Kongreye yaptığı 2,5 sayfalık konuşmadan bölümler aktaracağım sizlere,

“Sayın Başbakan, değerli kongre üyeleri, sevimli Türk Kardeşlerimiz; zor durum içinde, saldırmalar içinde yaşayan, Azerbaycan’a bağlı Nahcıvan Özerk Cumhuriyetinin halkından sizlere, Türkiye’de olan kan kardeşlerimize, hararetli salamlarımızı sevgilerimizi sunarım.
Türkiye Hükümetenin davetiyle Nahcıvan Özerk Cumhuriyetinin heyeti bu kongrede bulunduğuna göre, ben teşekkürlerimi bildiriyorum. Ve çok mutlu olduğumuzu söylüyorum.

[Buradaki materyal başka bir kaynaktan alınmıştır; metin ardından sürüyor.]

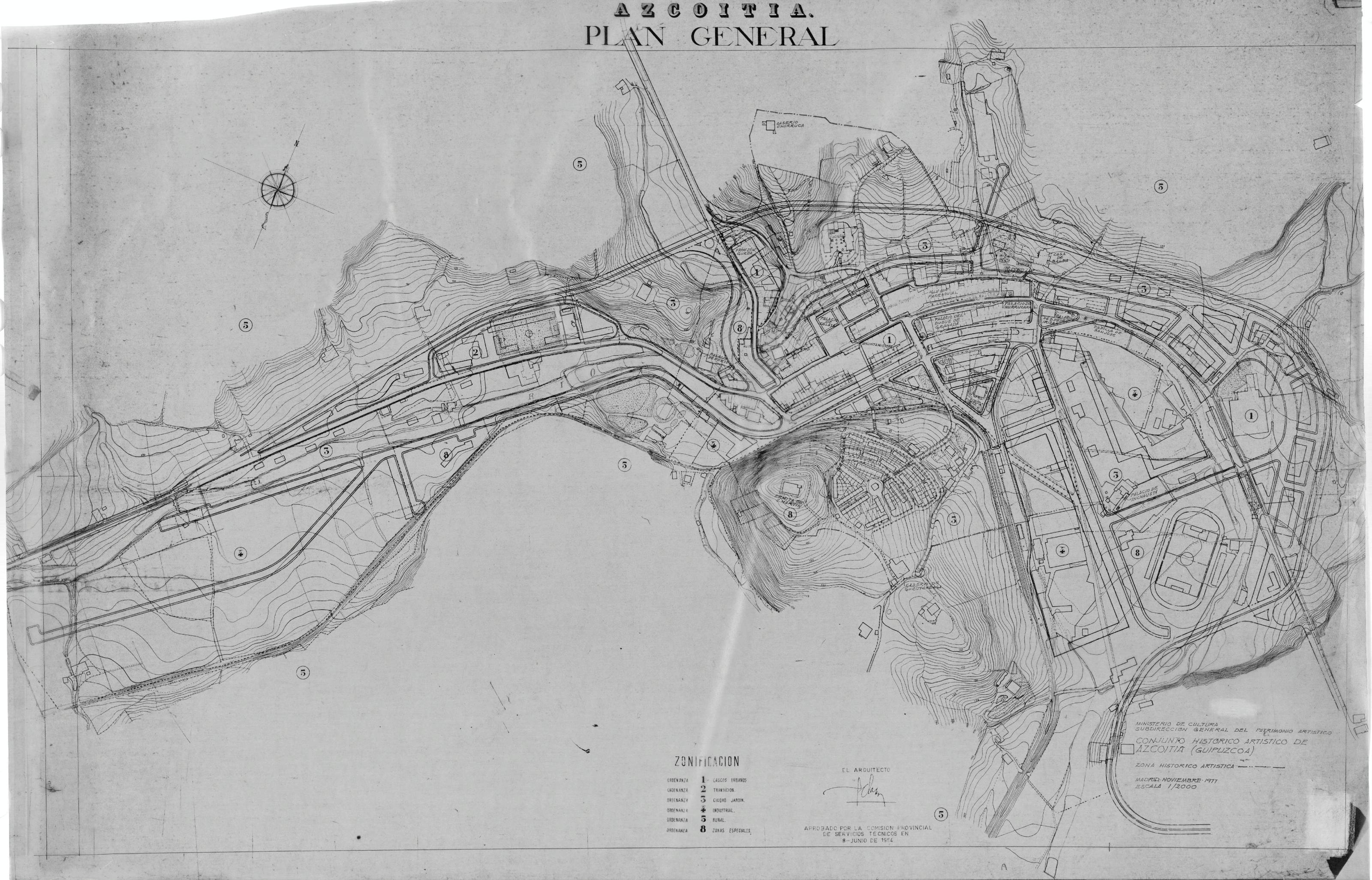 CONJUNTO HISTORICO ARTISTICO DE AZCOITIA (Guipúzcoa): PLAN GENERAL Ubicación de la zona histórico artística en la localidad. Con curvas de nivel. Señala accesos y situación de monumentos. Contiene leyenda de zonificación.

Aynı bir soy, kökten olmamız, aynı halka mensup olmamız, aynı dine, aynı dile mensup olmamız, bunların hepsinin esaslı olduğunu bildiriyor ve bir de Türkiye bütün Türk devlerinden, bütün Türk halklarından, bütün Müselman halklarından, hapsinden daha da ileri gitmiş bir ülke, daha da modernleşmiş bir ülke; ona göre de biz bu modeli esas alıp bunun üzerinde gitmeliyiz, yeni modeller arayıp vaktimizi yitirmemeliyiz. Emin olmanızı istiyorum ki, Nahcıvan Özerk Cumhuriyeti, bu yolla gelecektir.

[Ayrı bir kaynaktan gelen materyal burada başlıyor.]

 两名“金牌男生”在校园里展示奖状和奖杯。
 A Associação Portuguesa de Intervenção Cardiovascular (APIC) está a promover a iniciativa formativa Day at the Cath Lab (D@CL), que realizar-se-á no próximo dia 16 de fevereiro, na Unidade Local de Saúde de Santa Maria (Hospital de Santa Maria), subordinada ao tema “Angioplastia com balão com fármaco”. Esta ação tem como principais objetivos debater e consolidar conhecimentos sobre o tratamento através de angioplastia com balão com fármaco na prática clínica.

Nahcıvan şimdi ablukadadır, demiryolu işlemiyor, yanacak yanmıyor, gıda maddeleri gelmiyor, Bizim 2 günlük un ihtiyacımız kalmıştır. Ancak biz hiç de telaş etmedik, perişan değiliz, Çünkü bizim yanımız da , bizimle birlikte Türkiye durur, Türk dünyası durmaktadır ve ben emin olduğumu bildirmek istiyorum ki , karşımız da olan 100 illik Türk halklarını birleştirecek, Türk halkalarının olacaktır.
Bir daha size saygılarımı, sevgilerimi bildiririm. Bütün Türk kardeşlerime teşekkürlerimi bildiririm sağ olun.”

Haydar Aliyev 1992 deki ziyaretinde, her ülkeye ziyaret yaptığında olduğu gibi yine İzmir’de yaşayan Azerbaycanlılarla görüş geçirdi. Onların sorunlarını dinledi, onlara öğüt verdi.
1992 yılında İzmirde faaliyette olan Azerbaycan Dostluk Kültür ve Sanat Derneğini ziyaret eden Aliyev, İzmir’de iki Azerbaycan derneğinin olmasından duyduğu üzüntüyü bildirdi.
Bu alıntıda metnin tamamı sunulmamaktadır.